Additional requirements would be imposed on those companies that operate marketplaces and will be subject to Know Your Business Customer (KYBC) procedures to verify the identity providers on their platform and prevent consumer fraud. One such restriction in advertising will prevent AdTech companies from collecting and using users’ standard personal data, including sexual orientation, political stance, and medical information.

These are just the most prominent examples illustrating the fact that under DSA, the name of the game is moderation. If GDPR has set privacy-by-design, DSA attempts to set Moderation-by-design.

From conversations Tech12 has had with managers, lawyers and others in the field, there is a great deal of uncertainty regarding the terms of compliance with the law, with some people complaining about ambiguous phrasing and unclear timetables. Apparently, many startups that would be required to comply with the new regulations are unaware of obligations that are moments away from taking effect.

The question of the applicability of the law is greater and more complex for larger platforms. The regulation applies to a long list of areas ranging from domain registration, internet providers and infrastructure, to hosting services and Online Platforms. This last category incorporates a long list of services, including companies providing marketplaces, price comparison engines, social networks, mapping services, shared economy services, media, video-sharing, payment services, news aggregation sites, and much more.

In fact, anyone covered by the law must post the number of active European users on their website by February 17. This enables the European regulator to know under which category of law the company operates. The complete implementation of the law is expected to take effect February 17, 2024.

[Dr. Avishai Klein. “Those who do not prepare in advance will find themselves in deep trouble” | Photo: Nimrod Glickman, PR]

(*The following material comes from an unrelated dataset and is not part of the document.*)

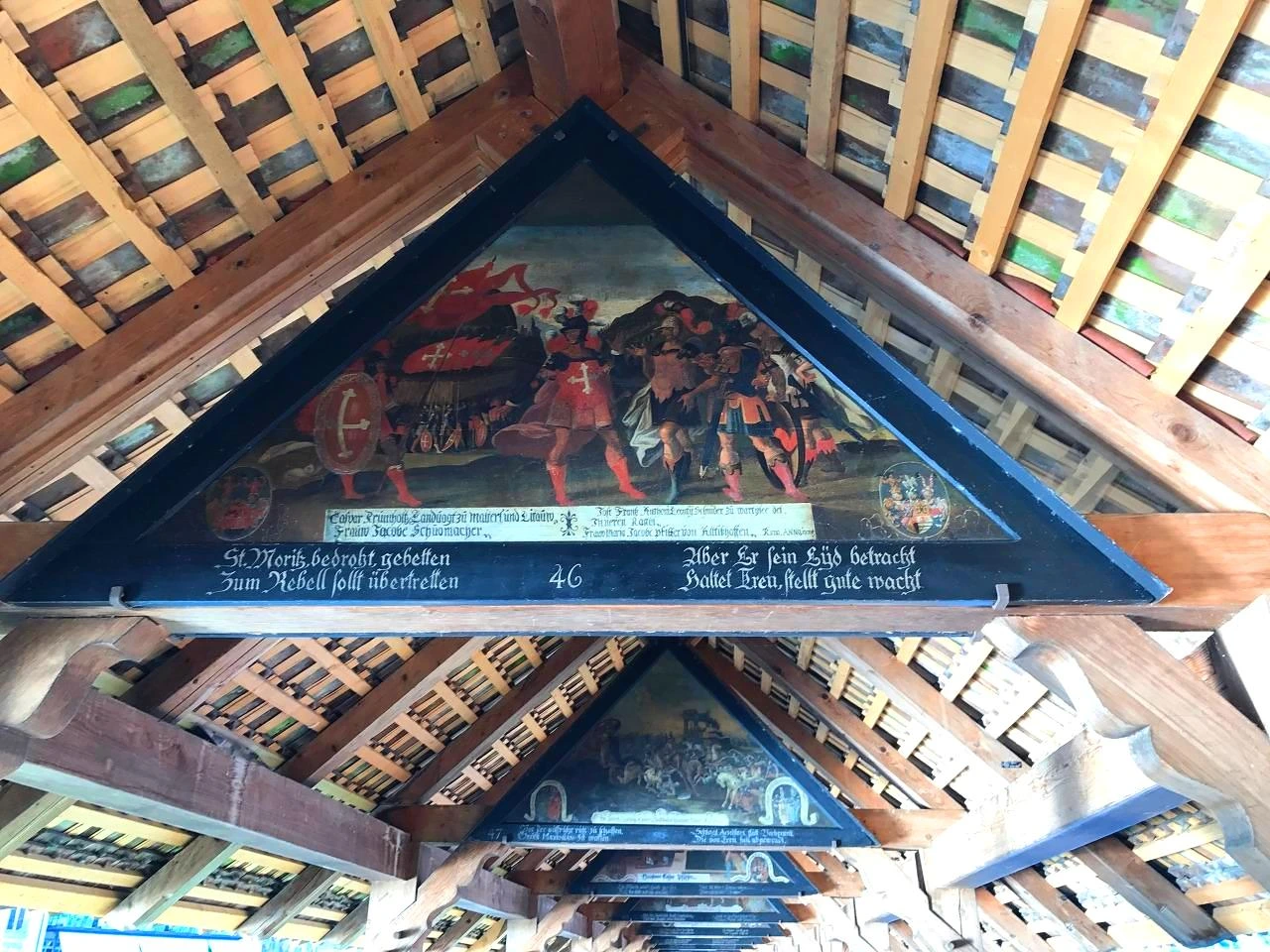카펠교 지붕 아래에는 스프레우어교와 마찬가지로 삼각형 패널에 그림이 그려져 있다. 유럽에서 지붕을 얹은 목조 다리에 이런 패널화를 그려둔 곳은 루체른이 유일하다.

DMA applies to the big platforms and DSA to almost all companies on the Internet and it tells them, “You have a responsibility for the content, even one that your users produce,”concludes Dr. Avishai Klein, Head of the Privacy Department at Barnea Jaffa Lande & Co. Law. “Both regulations carry hefty fines and extraterritorial legislation and are therefore relevant to Israeli companies.” 

Dr. Klein adds: “We are heading towards a revolution as big as the GDPR. It may take time, but those who do not prepare in advance will find themselves in deep trouble. Therefore, I suggest customers reach for an Olympic minimum: you don’t have to change the products according to each location and regulation, but you must align with the most prominent global standards and implement the principles of regulation in company solutions so that you can say, ‘I am compliant,’ and show there is a serious and global company here.”